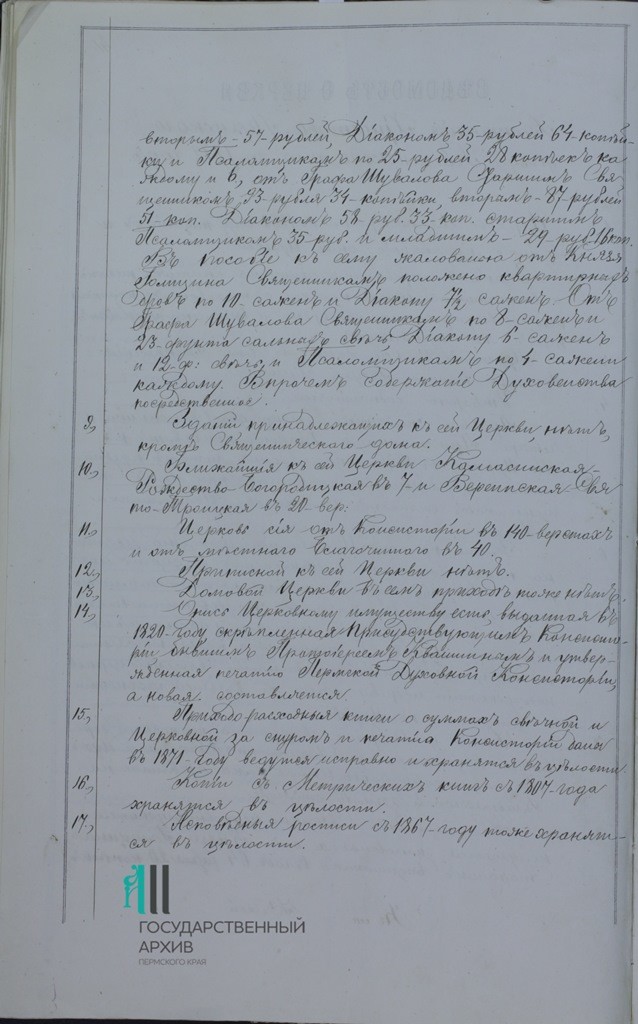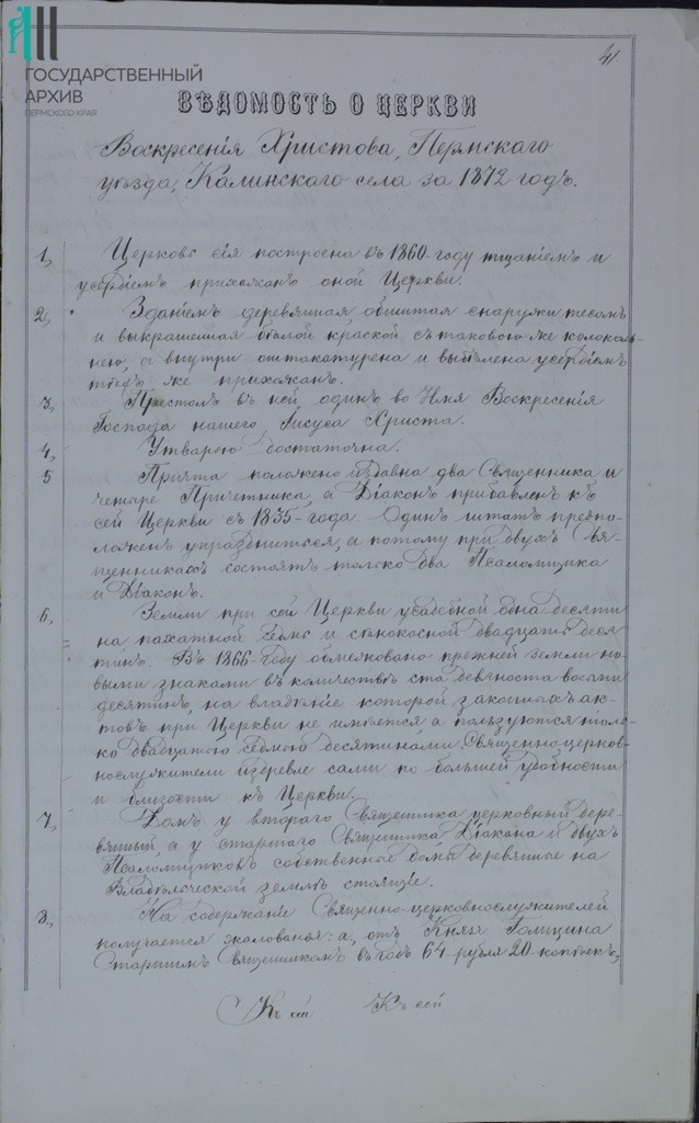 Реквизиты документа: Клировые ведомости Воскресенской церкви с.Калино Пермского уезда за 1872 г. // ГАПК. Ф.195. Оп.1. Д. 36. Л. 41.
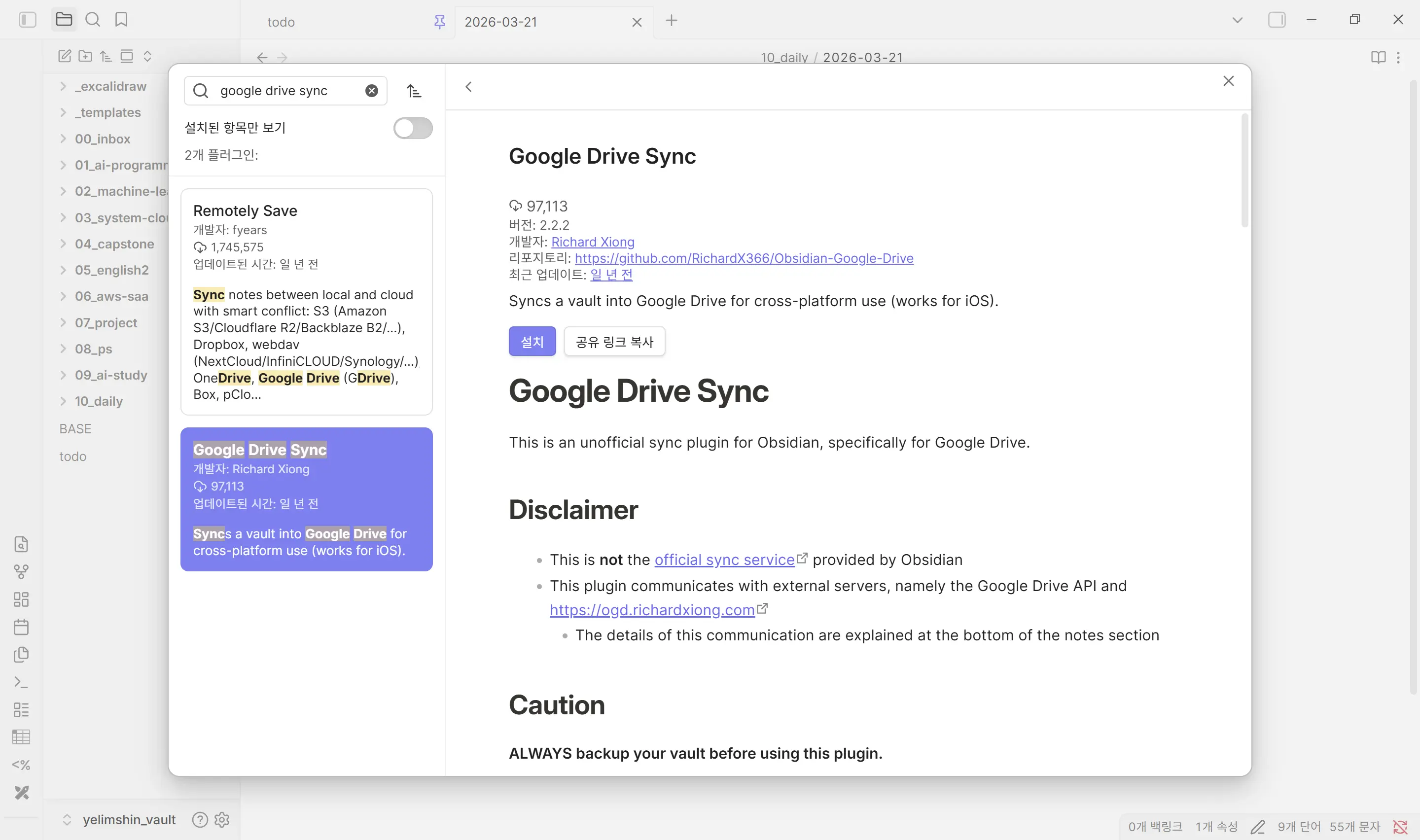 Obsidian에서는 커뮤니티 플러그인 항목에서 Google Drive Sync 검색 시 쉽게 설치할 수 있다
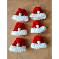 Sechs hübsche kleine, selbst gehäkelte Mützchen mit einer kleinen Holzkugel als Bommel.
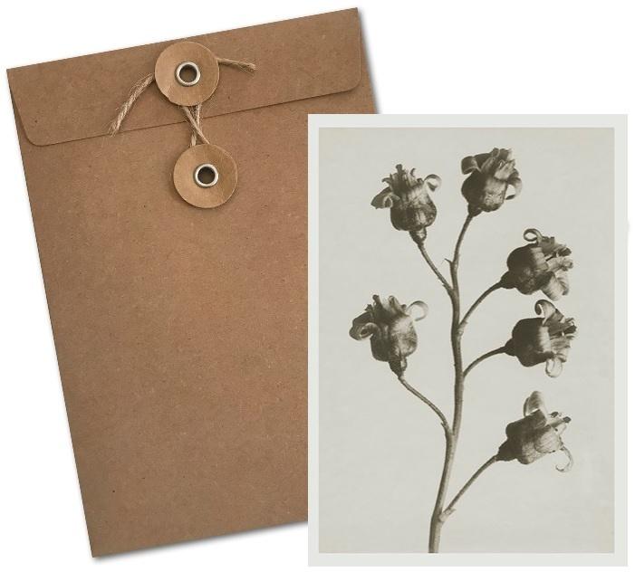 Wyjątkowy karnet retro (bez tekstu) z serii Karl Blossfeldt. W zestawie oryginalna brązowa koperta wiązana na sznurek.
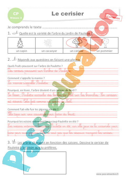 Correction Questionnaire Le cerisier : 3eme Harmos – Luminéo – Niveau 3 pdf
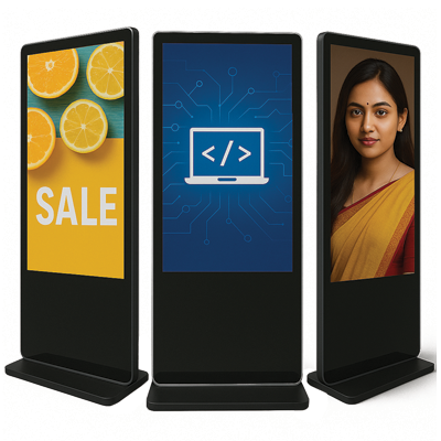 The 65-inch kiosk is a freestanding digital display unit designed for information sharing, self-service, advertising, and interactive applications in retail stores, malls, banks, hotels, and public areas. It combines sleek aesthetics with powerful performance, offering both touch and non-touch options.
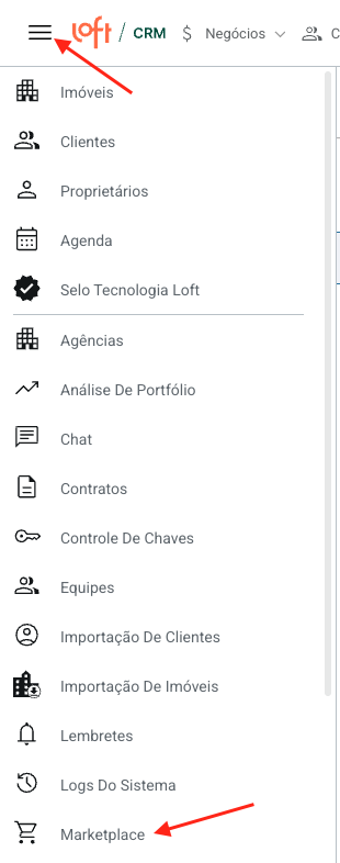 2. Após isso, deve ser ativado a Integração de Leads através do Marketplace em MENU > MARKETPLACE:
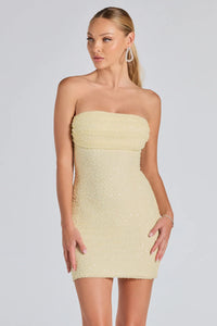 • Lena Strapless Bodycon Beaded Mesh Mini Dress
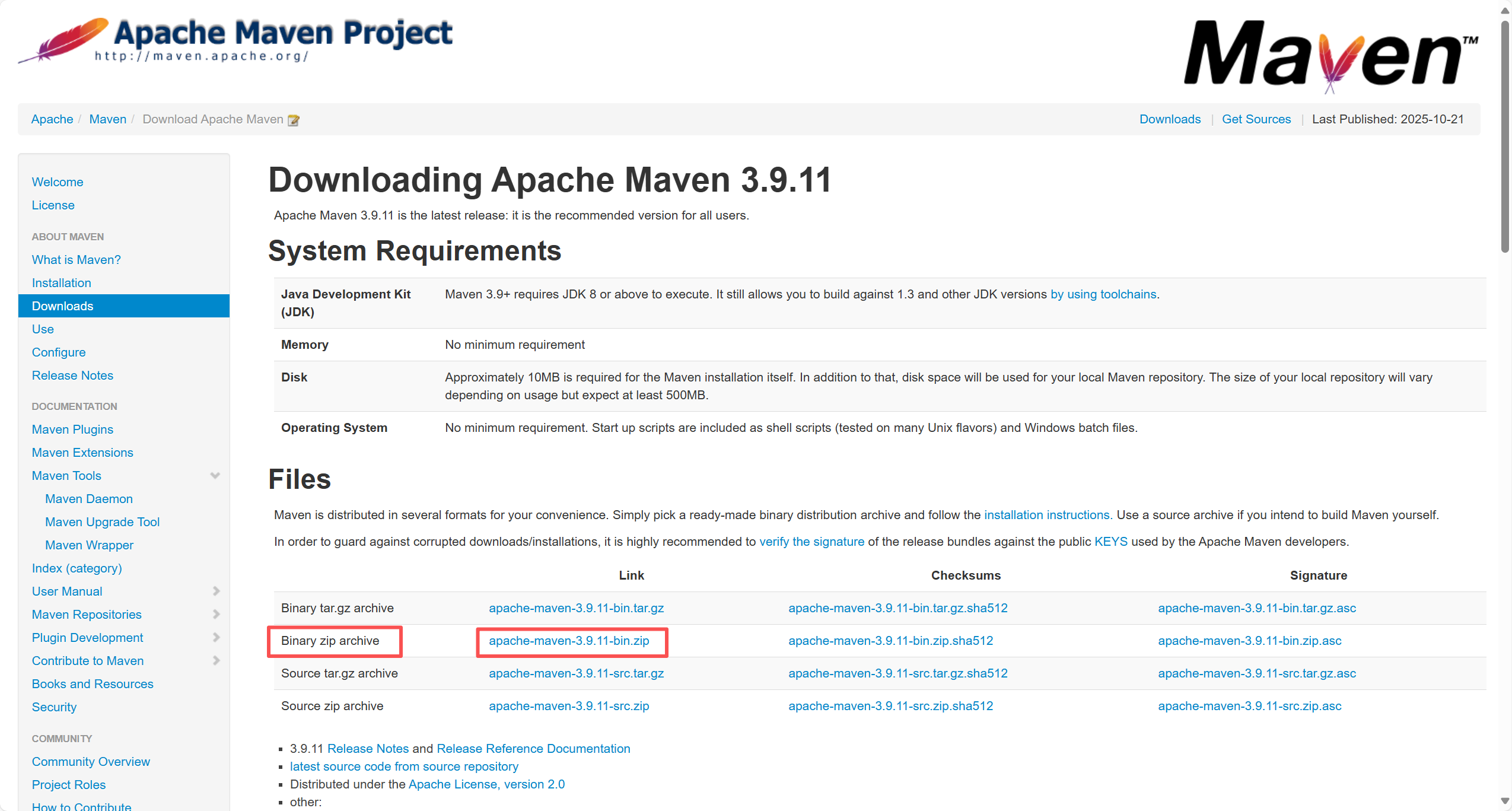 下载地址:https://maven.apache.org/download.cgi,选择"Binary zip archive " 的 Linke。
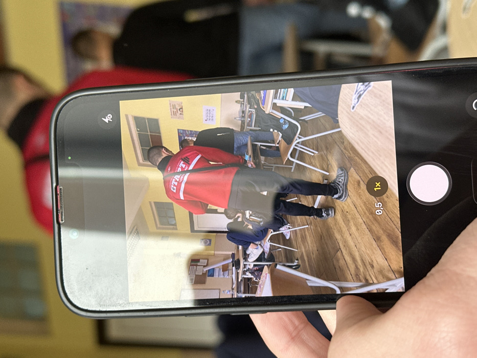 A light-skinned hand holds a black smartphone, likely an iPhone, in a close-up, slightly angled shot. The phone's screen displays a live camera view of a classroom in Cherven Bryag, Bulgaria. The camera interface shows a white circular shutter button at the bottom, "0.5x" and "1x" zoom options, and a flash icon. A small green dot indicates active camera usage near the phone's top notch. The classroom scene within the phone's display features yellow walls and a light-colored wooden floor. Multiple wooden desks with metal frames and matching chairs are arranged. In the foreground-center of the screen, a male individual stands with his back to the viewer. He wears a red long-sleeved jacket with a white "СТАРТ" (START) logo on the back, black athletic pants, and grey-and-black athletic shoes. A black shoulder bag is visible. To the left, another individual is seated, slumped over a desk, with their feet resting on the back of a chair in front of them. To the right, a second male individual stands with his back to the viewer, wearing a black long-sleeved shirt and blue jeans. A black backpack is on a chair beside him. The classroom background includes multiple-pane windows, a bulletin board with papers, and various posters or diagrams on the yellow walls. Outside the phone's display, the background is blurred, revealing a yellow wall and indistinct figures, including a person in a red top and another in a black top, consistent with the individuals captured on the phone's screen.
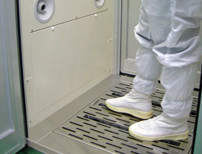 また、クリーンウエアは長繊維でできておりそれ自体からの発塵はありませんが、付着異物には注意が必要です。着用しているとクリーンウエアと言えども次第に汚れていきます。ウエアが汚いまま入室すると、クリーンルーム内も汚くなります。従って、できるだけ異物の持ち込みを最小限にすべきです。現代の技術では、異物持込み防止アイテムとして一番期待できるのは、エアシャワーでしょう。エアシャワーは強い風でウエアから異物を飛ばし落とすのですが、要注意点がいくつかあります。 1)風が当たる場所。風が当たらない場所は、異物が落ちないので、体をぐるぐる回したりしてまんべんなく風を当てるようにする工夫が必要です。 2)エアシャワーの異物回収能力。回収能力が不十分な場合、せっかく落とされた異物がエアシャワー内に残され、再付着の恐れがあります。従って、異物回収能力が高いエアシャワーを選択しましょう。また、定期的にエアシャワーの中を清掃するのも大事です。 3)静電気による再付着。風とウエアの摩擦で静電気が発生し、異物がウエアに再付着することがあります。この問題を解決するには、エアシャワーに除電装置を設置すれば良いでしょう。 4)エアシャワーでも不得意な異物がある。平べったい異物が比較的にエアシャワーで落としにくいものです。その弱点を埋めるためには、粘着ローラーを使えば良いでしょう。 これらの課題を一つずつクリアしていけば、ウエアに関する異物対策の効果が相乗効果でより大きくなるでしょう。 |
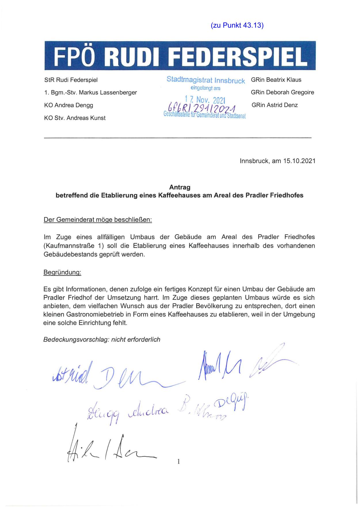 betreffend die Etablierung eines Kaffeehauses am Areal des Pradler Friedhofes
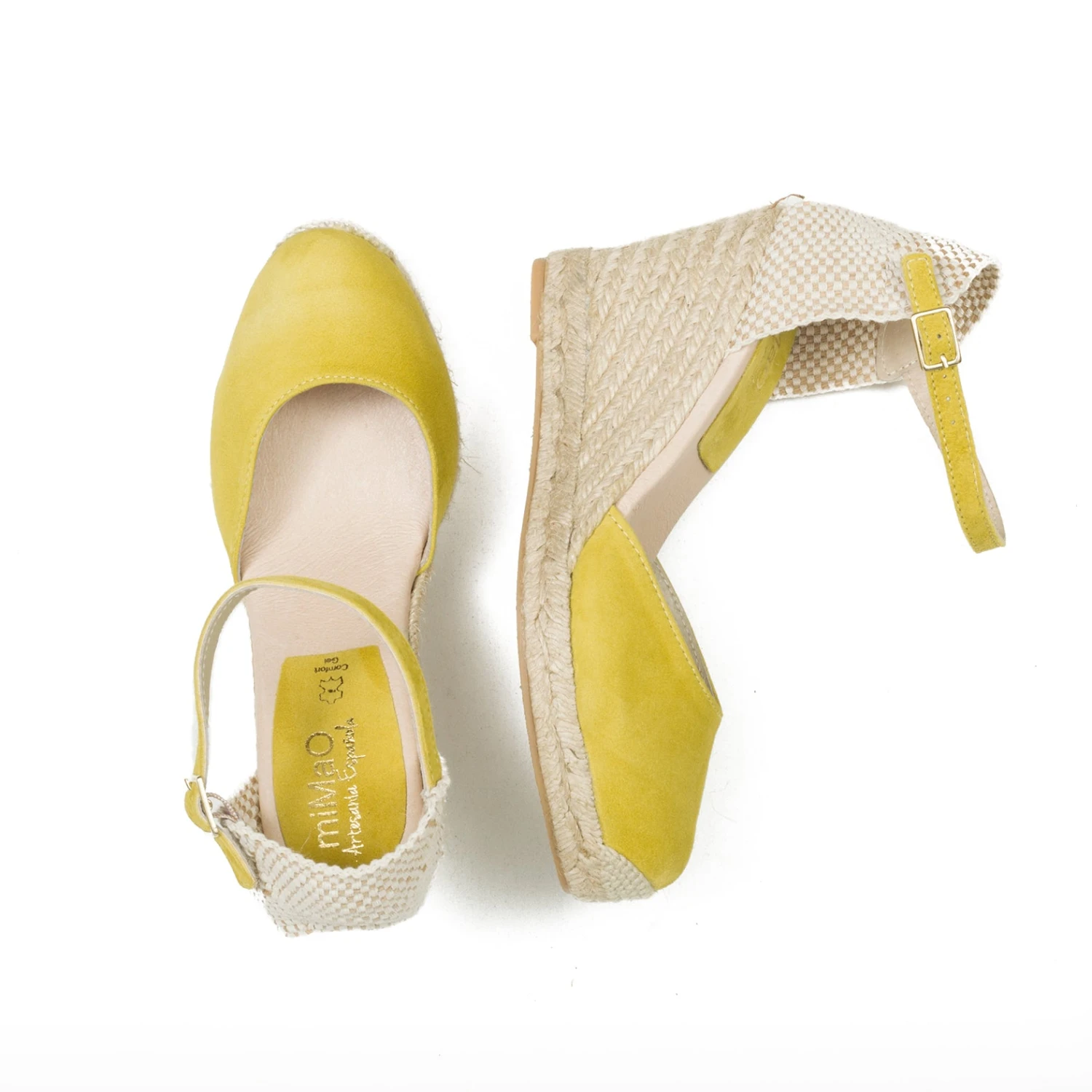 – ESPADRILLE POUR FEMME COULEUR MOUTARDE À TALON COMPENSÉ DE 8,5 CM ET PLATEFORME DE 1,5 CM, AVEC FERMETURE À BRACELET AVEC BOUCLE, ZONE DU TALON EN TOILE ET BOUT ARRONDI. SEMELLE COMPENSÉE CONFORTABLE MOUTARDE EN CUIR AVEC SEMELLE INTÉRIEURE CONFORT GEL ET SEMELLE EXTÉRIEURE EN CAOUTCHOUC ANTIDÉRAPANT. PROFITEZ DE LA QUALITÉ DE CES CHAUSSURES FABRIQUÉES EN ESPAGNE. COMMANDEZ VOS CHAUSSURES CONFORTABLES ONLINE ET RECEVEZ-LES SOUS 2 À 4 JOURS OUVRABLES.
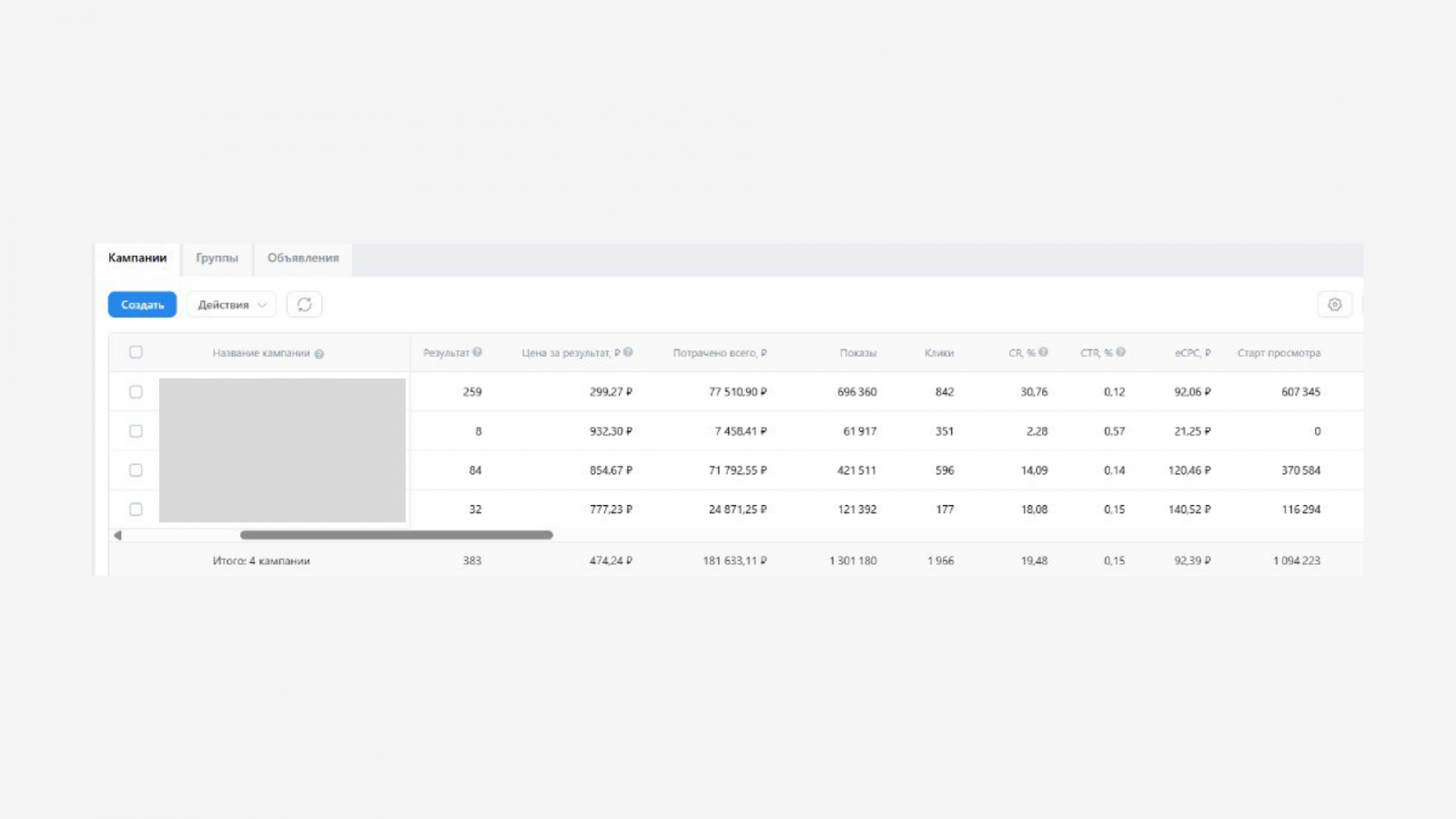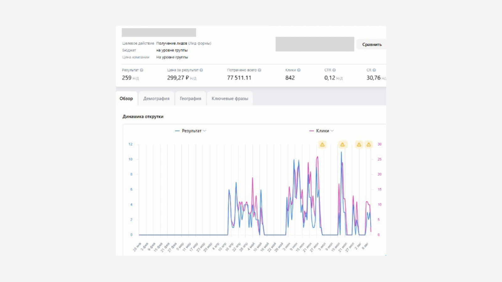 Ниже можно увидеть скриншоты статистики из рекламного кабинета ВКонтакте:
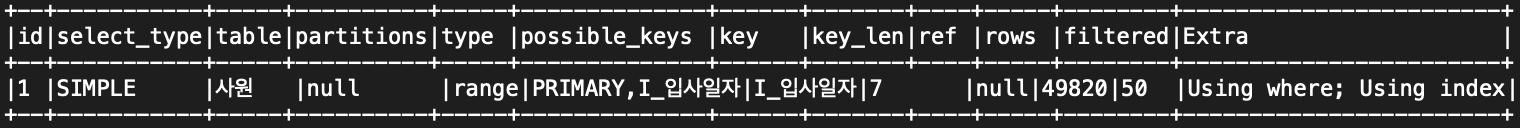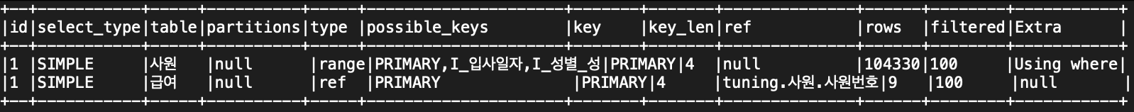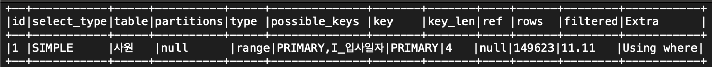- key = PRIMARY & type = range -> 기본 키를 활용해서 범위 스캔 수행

****************************************

> _What is being asked_
Only the lines from the one with "Ниже можно увидеть" through the final line of the entries above should be transcribed, exactly and without pictures.

> _Worked solution_
 Ниже можно увидеть скриншоты статистики из рекламного кабинета ВКонтакте:
- key = PRIMARY & type = range -> 기본 키를 활용해서 범위 스캔 수행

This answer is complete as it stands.